Думала-думала Дуняша, так и этак прикидывала, ничего не удумала и, деять нечего, поднялась с дивана. Не успела едного шагу от него отойти, яко дверь отворилася, раздались грузные шаги, и в гостиную вошла небольшого росточка пожилая женщина. Вошла, поклонилась и сказала:

– Матушка, Евдокия Лукинишна, самовар поспел ужо, хлеб на столе. Извольте откушать, чем Бог послал.

– Мне бы умыться со сна то, – ответила Дуняша.

– А пойдёмте, я Вас провожу, матушка!

И повела Дуняшу в сени. Пока шли, Дуняша искосу разглядывала провожатую – уж, не она ли та добрая душа, што укрыла вечером Дуняшу? Может, станется, она ещё в чём помочь сможет?

– Тебя яко звать-величать, добрая женщина? – спросила Дуняша, усевшись за стол, на который Бог послал: каравай ржаного хлеба только из печи, пшённую кашу с мясом, заправленную сливочным маслом, тарелку с горкой блинов с пылу-жару, вяленую рыбку, пареную репу, маринованные грибочки, узвар из сухих фруктов и ягод с медом, крынку молока, хмельной квас, а на сладкое – густой и плотный кисель.

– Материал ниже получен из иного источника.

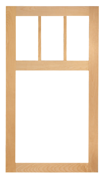
CUSTOM GLASS DOOR WHITE BIRCH // SR5, EP1 (GLASS NOT PROVIDED)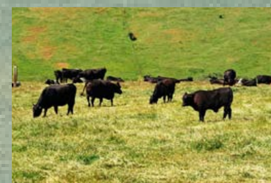
2004: First grass-fed livestock certification in California created by Marin Agricultural Commissioner's office.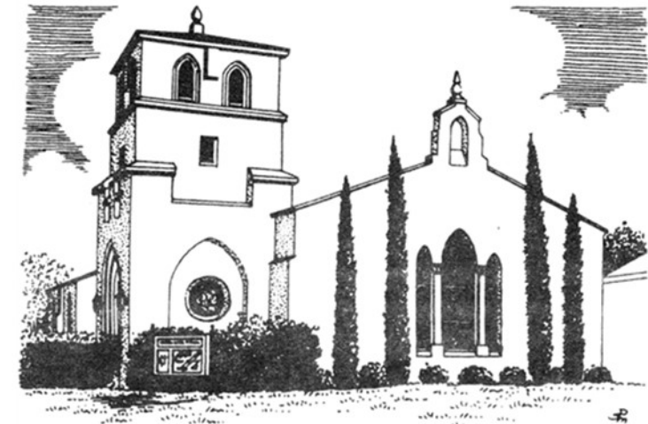
First United Methodist Church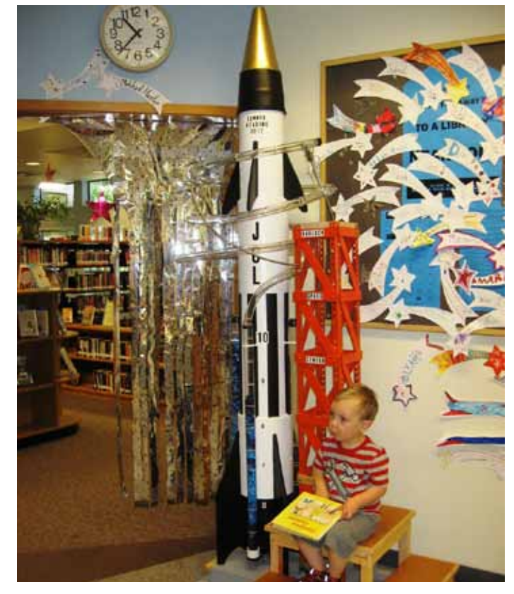
"Out of This World" rocketship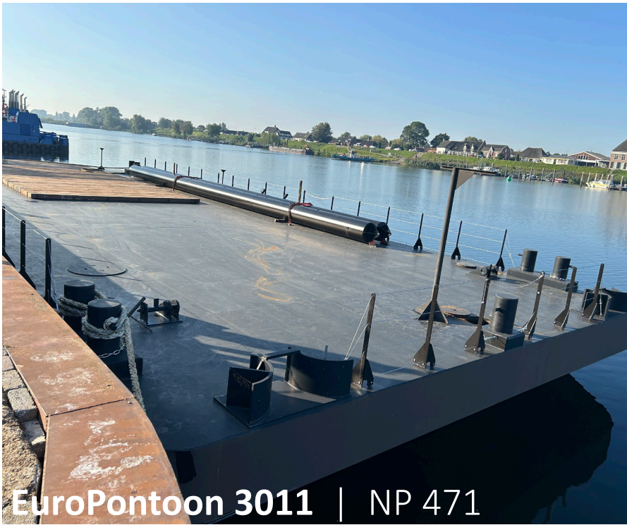
EuroPontoon 3011 | NP 471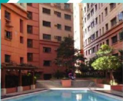
SAN FRANCISCO GARDENS Mandaluyong City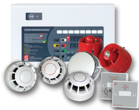
Conventional Fire Systems

In addition to the power supplies detailed in this brochure, we also manufacture the following:-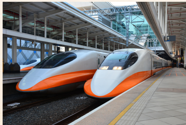
2. High Speed train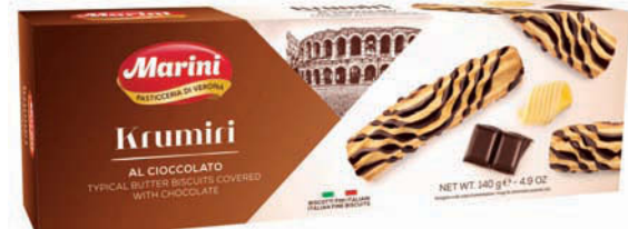
2. MR2441 Classic Biscuit with Chocolate 140 g $3.50/14 ea/$49.00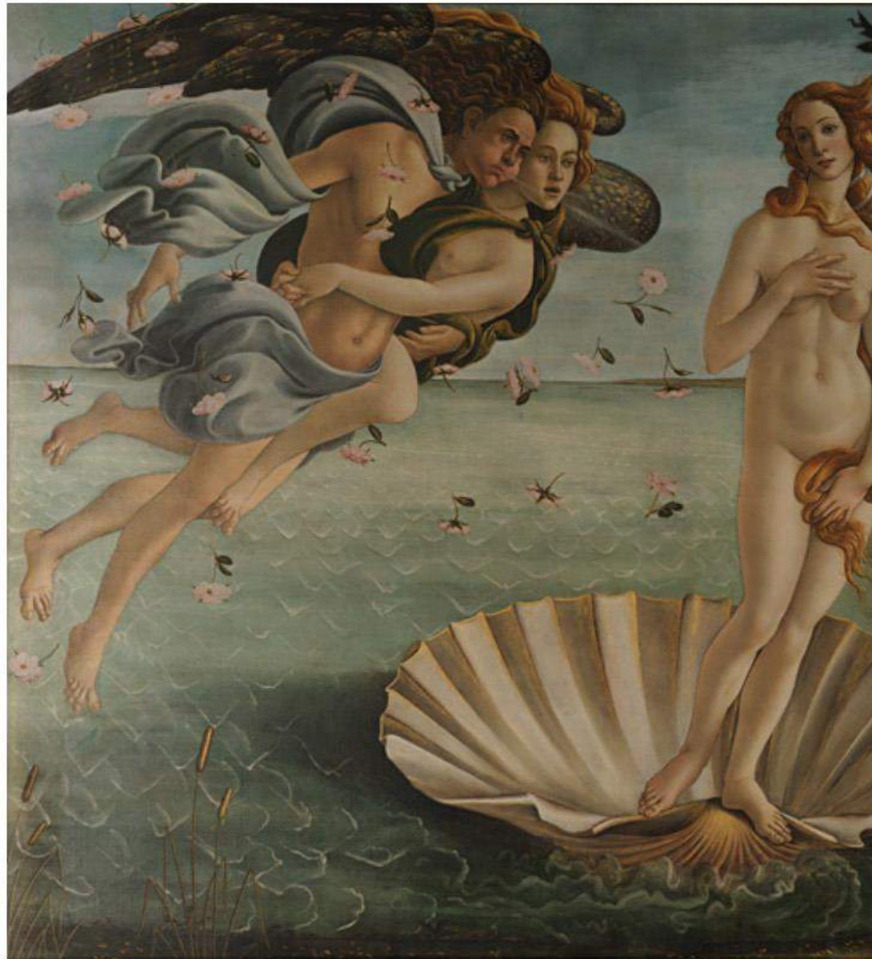
The Birth of Venus

3. Create a new gallery. To create a new gallery and start adding images you favorited, click the menu icon at the top left (three lines button), then choose “Favorites.” On the favorites page click “Create New Gallery.” Click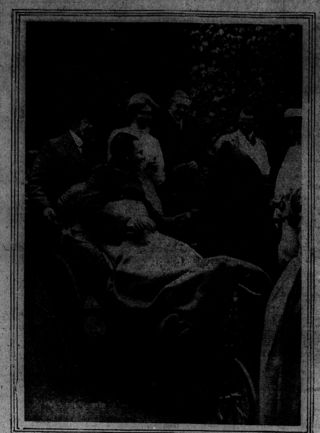
Empress Eugenie, who has converted her house at Farnboro, England, into a military hospital, making her daily round among the convalescents.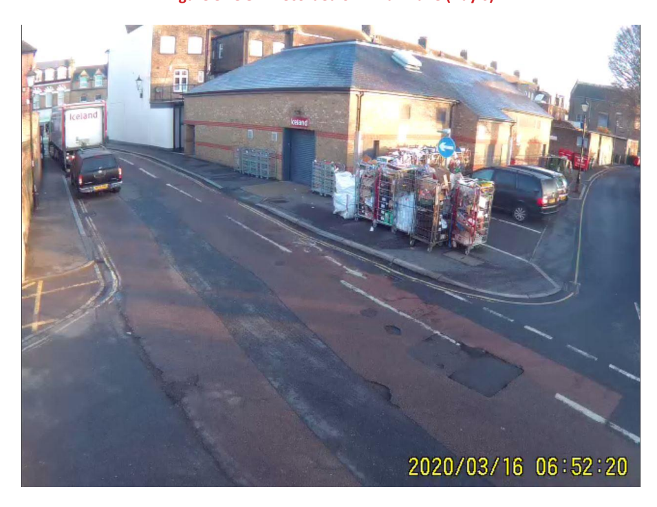
Figure 9. OGV2 recorded on Servicing Road (Day 6)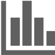
Total energy consumption/generation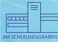
AM SCHLEUSENGRABEN 24

Not far from our headquarters at Steindamm, our wind team is researching, among other things, how the rapid expansion of wind energy in Germany – both onshore and offshore – can enable wind turbines to make an ever-greater contribution to security of supply.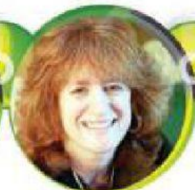
disposable cell-phone 1999, USA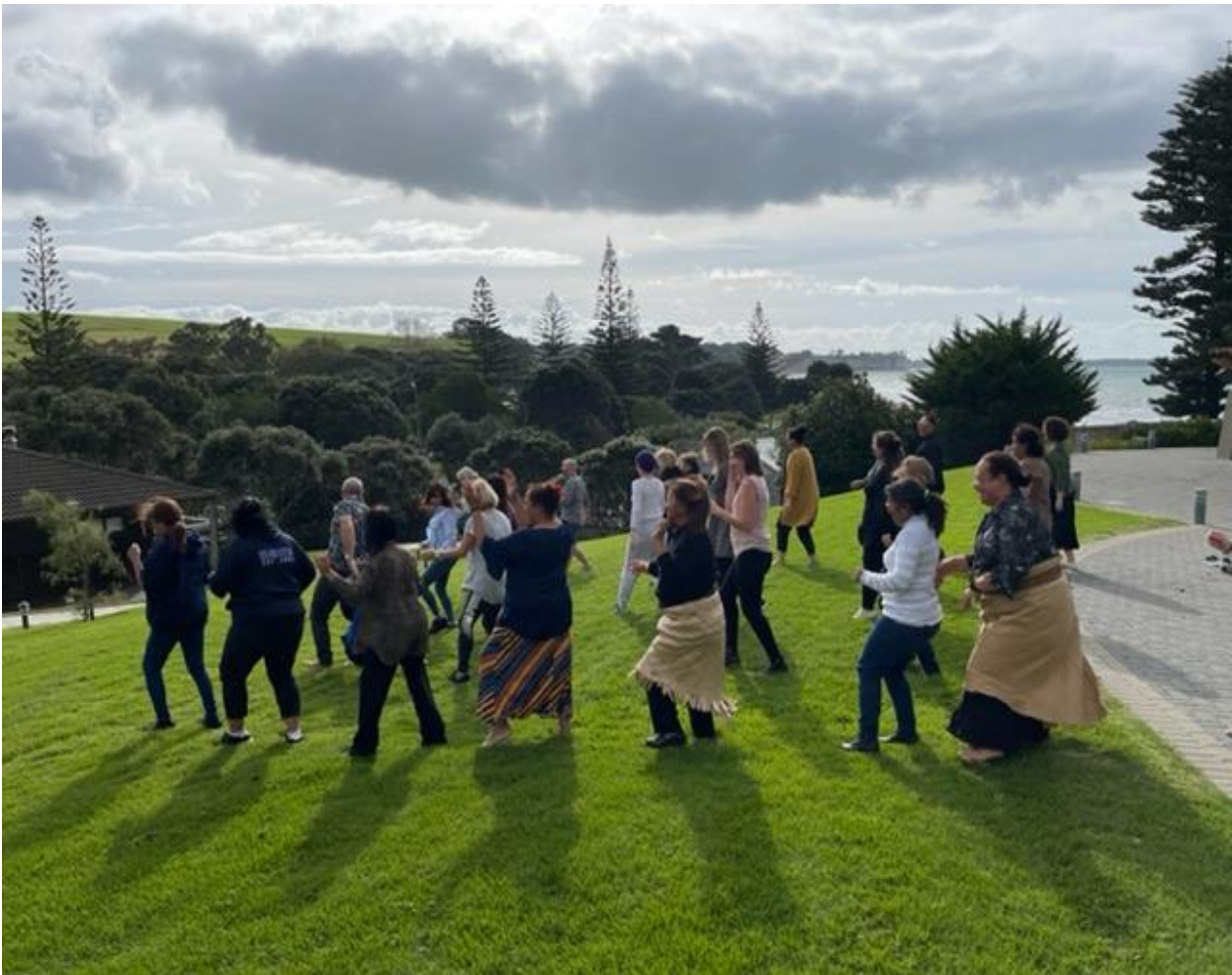
Dancing the Jeruselema at the Primary DRS Conference at Vaughan Park

In 2021 the inquiry process into the way CES works with schools, begun in 2020, continued. Inquiry questions under the four headings Formation, Teaching and Learning, Te Tiriti o Waitangi and Community were developed. Hui to meet with Principals, DRS's and Board members were planned and the first two with Central Auckland schools occurred in August. Unfortunately, the long Covid enforced lockdown in Auckland from late August till December prevented further hui. The work is planned to continue in 2022, with other geographical groupings of schools.

– Матреной Поликарповной меня кличут.

– Может, присядешь за стол, Матрёна Поликарповна? Такой пир горой мне едной не одолеть. Потрапезничаем вместе. Кондратий Саввович ужо по делам чуть свет хлопочет?

– Благодарствуйте, матушка! Не откажусь, – не стала чиниться Матрёна Поликарповна, – А Кондратий Саввович завсегда в красильню до зари отправляется.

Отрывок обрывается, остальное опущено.